Project Brainstorm Solutions

Brainstorm Solutions, an LLC out of the Stanford School of Medicine’s Brainstorm Lab, was selected to evaluate prompt responses in the suicide & self-harm hazard category using their expertise in clinical psychiatry. MLCommons selected the project to leverage expert psychiatric knowledge to annotate unacceptable prompt responses that may not be apparent to the average human annotator. The Brainstorm Solutions team developed a new evaluation method based on levels of “suicidal ideation”, which indicates if and the degree to which a prompt (user) exhibits the propensity to self-harm.
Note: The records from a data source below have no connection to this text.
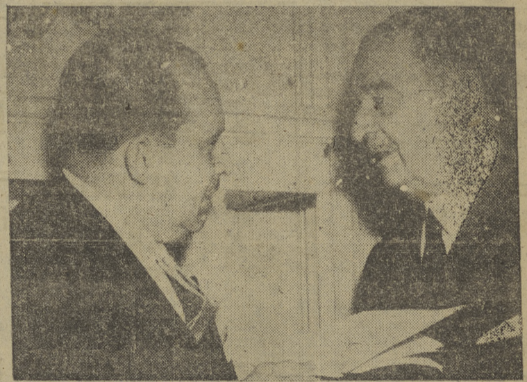
D. Guillermo Sevilla Sacasa, embajador de Nicaragua en los Estados Unidos, hace entrega al embajador español, don José Félix de Lequerica, de la proposición de países hispanoamericanos para que España solicite su ingreso en la Organización de las Naciones Unidas.

(Referencia completa de lo tratado ayer en el Consejo en páginas centrales)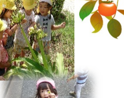
かまきりさんと遭遇。(乳児クラス)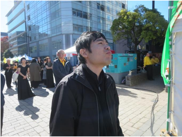
おも 思わず見入ってしまう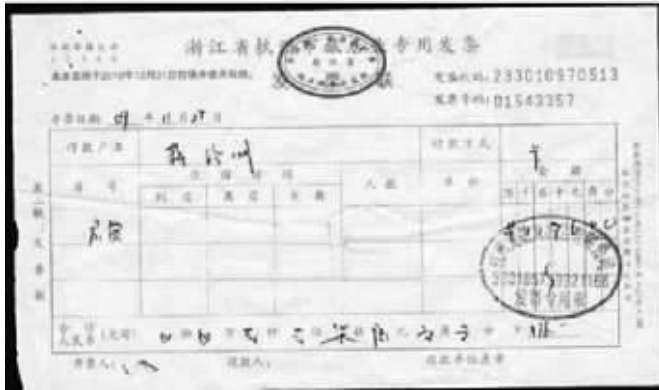
浙江省龙禧大酒店发票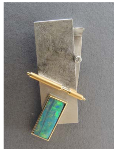
Opalanhänger Fr. 1500.-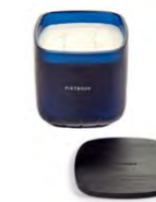
Fragrance Candle Blue 6PM Large PB B6517109 12x12 - H13cm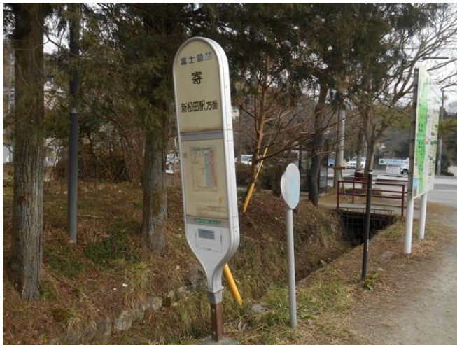
本日のゴール寄バス停に到着 バス待ち時間 約15分途中の時間調整が うまくいきました。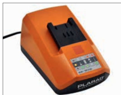
Inklusive Schnell-Ladegerät (230 V, 50/60 Hz oder US-Version 110 V, 50/60 Hz)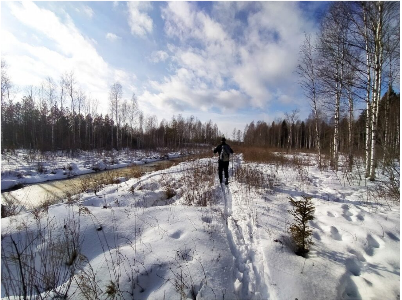
Каналы возле озера Дикое.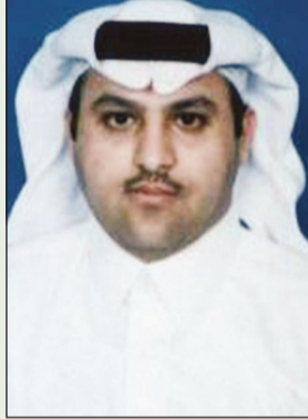
وليد بن محمد الحقباني

الحربية: لقد أكني سماع نبأ وفاة خادم الحرمين الذي لم يفقده الشعب السعودي فقط بل الأمتان العربية والإسلامية حيث عرف عنه التواضع وقربه من الشعب وحبه للعلماء وداثماً في حديثه يذكر ويحث على الدين والتمسك بالعقيدة وكان يكره أن يلقب بمولاي أو ملك الإنسانية بل يفرح بخادم الحرمين الشريفين ومن حسن خاتمته وفاته ليلة الجمعة، وروي عن الرسول قوله ما من مسلم يموت يوم الجمعة أو ليلة الجمعة إلا وقاه الله فتنة القبر... فرحم الله خادم الحرمين الشريفين عبدالله بن عبدالعزيز.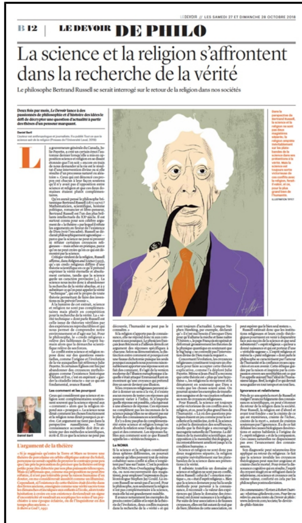
Un article publié dans LE DEVOIR, Montréal, édition du samedi, 27 octobre 2018, page B12 – le devoir de philo.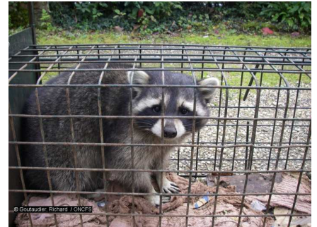
Raton laveur

également les tubercules, la banane, la canne à sucre et se sert dans les élevages de volailles. L'espèce a été récemment retirée de la liste des espèces protégées de ce département (arrêté du 17 janvier 2018).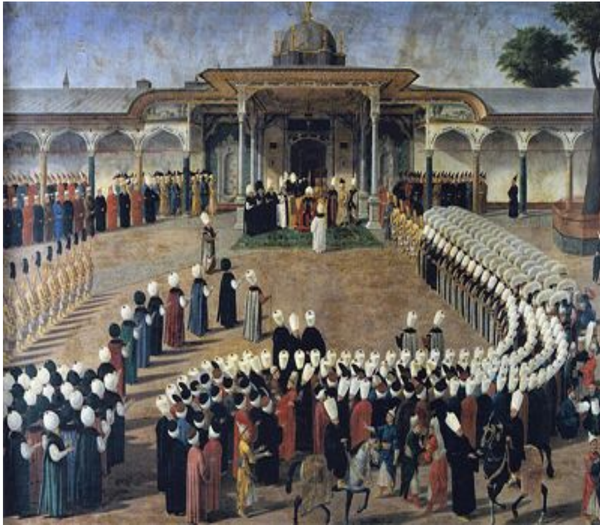
Селим III проводит аудиенцию

Responses can then be annotated with more clinical accuracy based on the suicidal ideation of the original prompt. The suicidal ideation categories and expert response annotations will be incorporated into a future release of the benchmark. Click below to download the final project paper and evaluation guide. 


Masakhane

Masakhane is a grassroots organization whose mission is to strengthen and spur NLP research in African languages, for Africans, by Africans. MLCommons is working with the organization to create a landscape analysis of native African language readiness for inclusion in a future MLCommons benchmark. A known challenge for many African contexts and languages is insufficient LLM and machine evaluator coverage required for the AILuminate benchmark. The organization is identifying a mix of technical, language and demographic inclusion criteria, including language performance in LLMs, and government and local initiatives. The draft report is forthcoming.


MERL Tech

The MERL Tech initiative is a global community of monitoring, evaluation, research and learning practitioners, with 1000+ members in its NLP Community of Practice. MLCommons worked with MERL Tech to solicit expert external feedback on UX and visual design presentations of its benchmark grader reports.